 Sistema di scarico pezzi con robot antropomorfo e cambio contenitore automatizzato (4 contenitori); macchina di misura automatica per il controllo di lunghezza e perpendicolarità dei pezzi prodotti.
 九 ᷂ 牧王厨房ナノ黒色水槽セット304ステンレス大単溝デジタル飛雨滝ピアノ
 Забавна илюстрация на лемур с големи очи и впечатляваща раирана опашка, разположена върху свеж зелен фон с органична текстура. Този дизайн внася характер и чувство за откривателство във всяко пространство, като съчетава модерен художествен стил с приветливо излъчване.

——————

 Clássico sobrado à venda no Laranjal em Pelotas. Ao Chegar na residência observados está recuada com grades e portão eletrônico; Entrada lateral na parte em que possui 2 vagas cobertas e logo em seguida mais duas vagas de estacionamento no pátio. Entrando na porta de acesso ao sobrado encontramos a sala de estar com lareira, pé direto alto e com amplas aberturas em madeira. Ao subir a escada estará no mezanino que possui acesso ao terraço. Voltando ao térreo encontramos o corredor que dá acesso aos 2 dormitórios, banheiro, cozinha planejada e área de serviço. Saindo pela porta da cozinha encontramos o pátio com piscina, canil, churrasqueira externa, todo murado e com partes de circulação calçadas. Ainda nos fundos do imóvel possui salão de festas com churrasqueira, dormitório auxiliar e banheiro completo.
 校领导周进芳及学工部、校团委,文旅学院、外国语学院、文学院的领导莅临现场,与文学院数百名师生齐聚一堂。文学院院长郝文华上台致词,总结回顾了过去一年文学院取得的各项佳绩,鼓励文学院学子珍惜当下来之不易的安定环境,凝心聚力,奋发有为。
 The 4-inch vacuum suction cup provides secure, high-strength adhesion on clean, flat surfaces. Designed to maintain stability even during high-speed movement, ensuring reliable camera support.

——————

**Work task:**
From the data above, output only the lines between the line containing "Sistema di scarico" and the line containing "九 ᷂ 牧王厨房ナノ黒色水槽セット304ステンレス大単溝デジタル飛雨滝ピアノ", inclusive, exactly as written.

**Output for this task:**
 Sistema di scarico pezzi con robot antropomorfo e cambio contenitore automatizzato (4 contenitori); macchina di misura automatica per il controllo di lunghezza e perpendicolarità dei pezzi prodotti.
 九 ᷂ 牧王厨房ナノ黒色水槽セット304ステンレス大単溝デジタル飛雨滝ピアノ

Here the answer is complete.